Central supermassive black holes ( SMBHs ) are a ubiquitous feature of locally-observed galaxies , and ample evidence suggests that the growth of SMBHs and their host galaxies is closely linked .
However , in the event of a merger , gravitational-wave ( GW ) recoil may displace a SMBH from its galactic center , or eject it entirely .
To explore the consequences of this phenomenon , we use hydrodynamic simulations of gaseous galaxy mergers that include a range of BH recoil velocities .

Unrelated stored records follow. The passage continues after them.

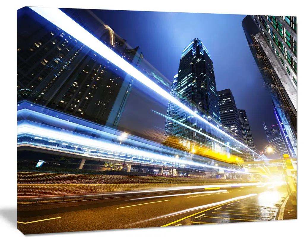 Bring contemporary abstraction to your home with this large 36W x 28H Metal Wall Art. This Traffic in Hong Kong at Night Metal Artwork makes it the focal point of any room or office. - White gloss coating ensures colors are extra vibrant with light reflection.- Aluminum grade sheet metal with 1-inch mounting frame on the back giving the illusion that the artwork is floating on the wall.- Mounting brackets are included along with instructions.- High quality digital images are created directly into a glossy aluminum panel producing a stunning and captivating print into the glossy finish of the metal.- Water, fire and scratch resistant HD aluminum panels.- Looks better than any photo paper and guaranteed to last at least 20 years- Easy to clean with a microfiber cloth. Colors are far superior to regular canvas art. - Easy to hang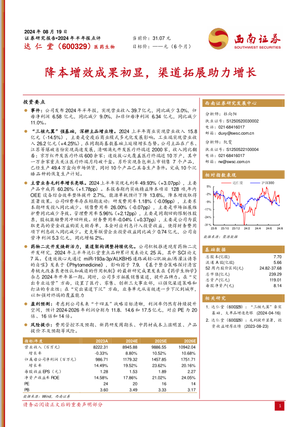 本报告对达仁堂(600329)2024年半年报进行了深度分析,核心观点如下: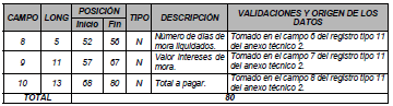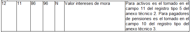 9115666NValor intereses de mora.Tomado en el campo 7 del registro tipo 11 del Anexo Técnico 2.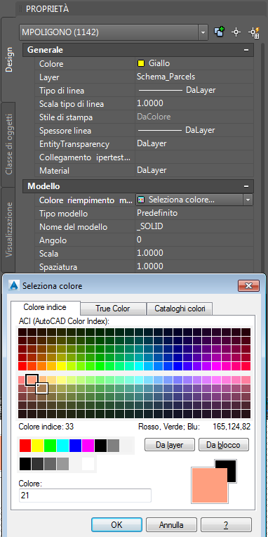 Modificare il colore di riempimento di tutti gli oggetti della classe di oggetti Parcels utilizzando la tavolozza Proprietà.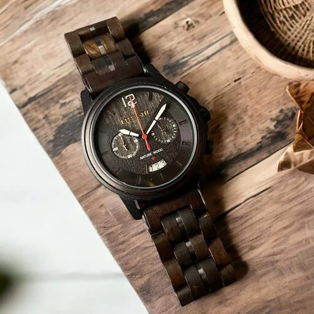 ساعة ايبوني جاينت الخشبية وتجمع مكوناتها بين الفولاذ المقاوم للصدأ وبين أجود أنواع الخشب. وتتميز ساعات “جاينت” بقطرها الذي يبلغ 44 ملم وخاصية الكرونوغراف الأنيق والفاخر . وتتمتع هذه الساعة بميناء بعدة الوان مع حزامها لمصنوع يدويًا من الخشب الطبيعي الفاخر مع مفاصل فولاذية مقاومة للصدأ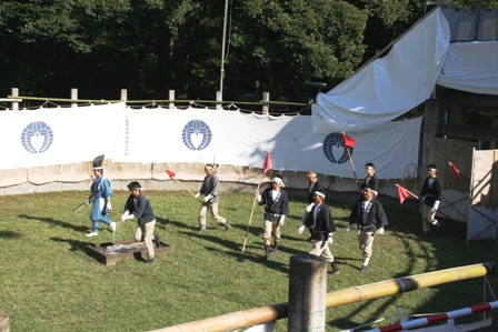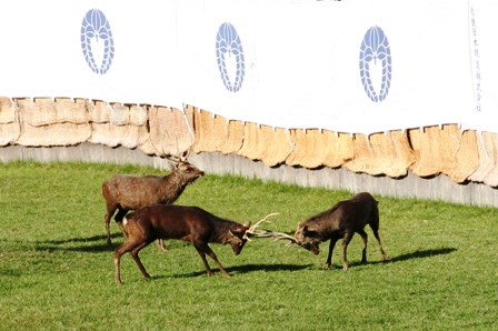 まず、会場に3頭の鹿が放されます。そこで、鹿は自由に走り回ってます。ところが、突然若い鹿2頭が喧嘩を始めたんです。角をぶつけあっています。もちろん、これは、観客へのサービスでもなければ、パフォーマンスでもありません。本当に喧嘩をしているんです。そして、長老の鹿はそれをじっと見守っています。鹿の喧嘩なんて初めて見たのでちょっとびっくりしました。鹿の野生の部分を見た気がします。やっぱり、角切りの必要性を感じました。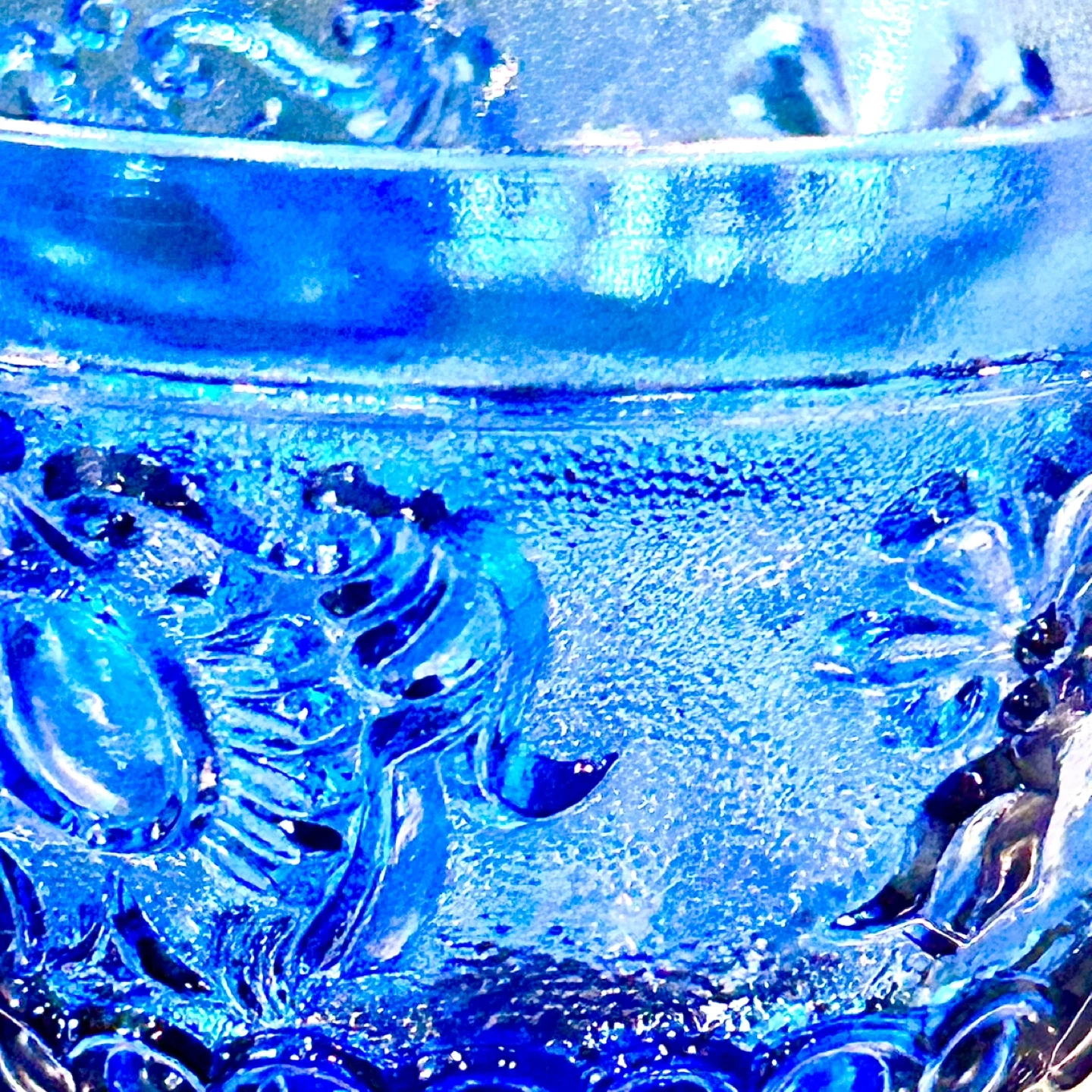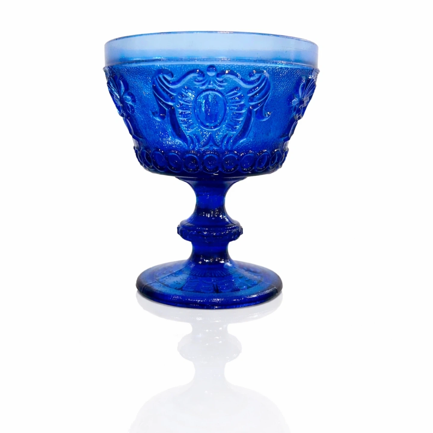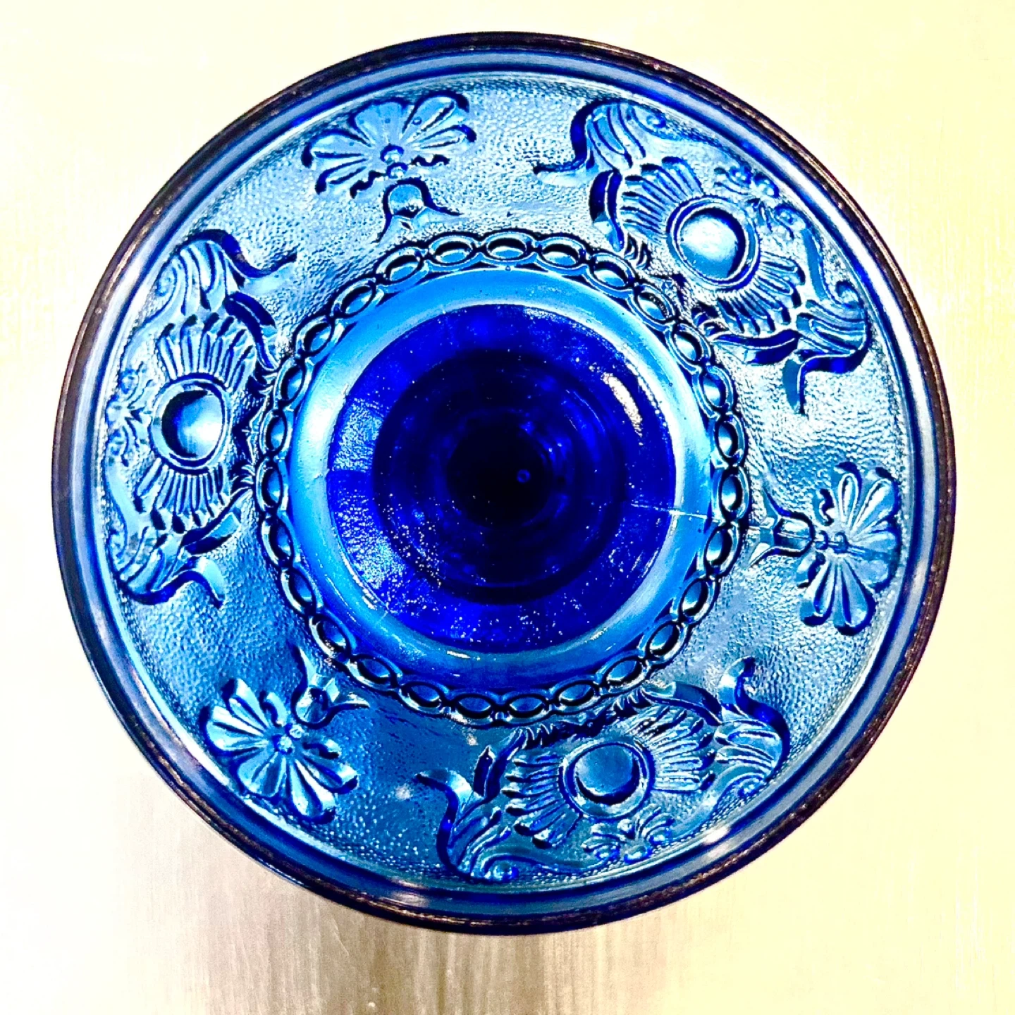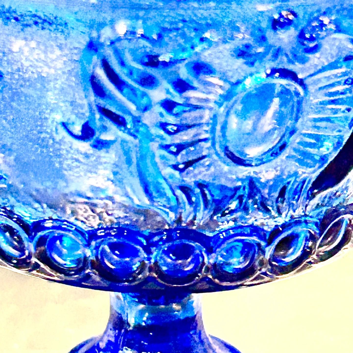 Antique Cobalt Blue Pressed Glass Pedestal Compote Bowl

We have generated a suite of over 200 simulations with more than 60 merger models , enabling us to identify systematic trends in the behavior of recoiling BHs – specifically ( i ) their dynamics , ( ii ) their observable signatures , and ( iii ) their effects on BH/galaxy co-evolution .
( i ) Recoiling BH trajectories depend heavily on the gas content of the host galaxy ; maximal BH displacements from the center may vary by up to an order of magnitude between gas-rich and gas-poor mergers .
In some cases , recoil trajectories also depend on the timing of the BH merger relative to the formation of the galaxy merger remnant .
( ii ) Recoiling BHs may be observable as offset active galactic nuclei ( AGN ) via either kinematic offsets ( v > 800 km s ^ { -1 } ) or spatial offsets ( R > 1 kpc ) for lifetimes of about 1 - 100 Myr .
In addition , recoil events affect the total AGN lifetime .
GW recoil generally reduces the lifetimes of bright AGN , but may extend lower-luminosity AGN lifetimes .
( iii ) Rapidly-recoiling BHs may be up to about 5 times less massive than their stationary counterparts .
These mass deficits lower the normalization of the M - \sigma relation and contribute to both intrinsic and overall scatter .
Furthermore , recoil events displace AGN feedback from the galactic center , which enhances central star formation rates .
This results in longer starburst phases and higher central stellar densities in merger remnants .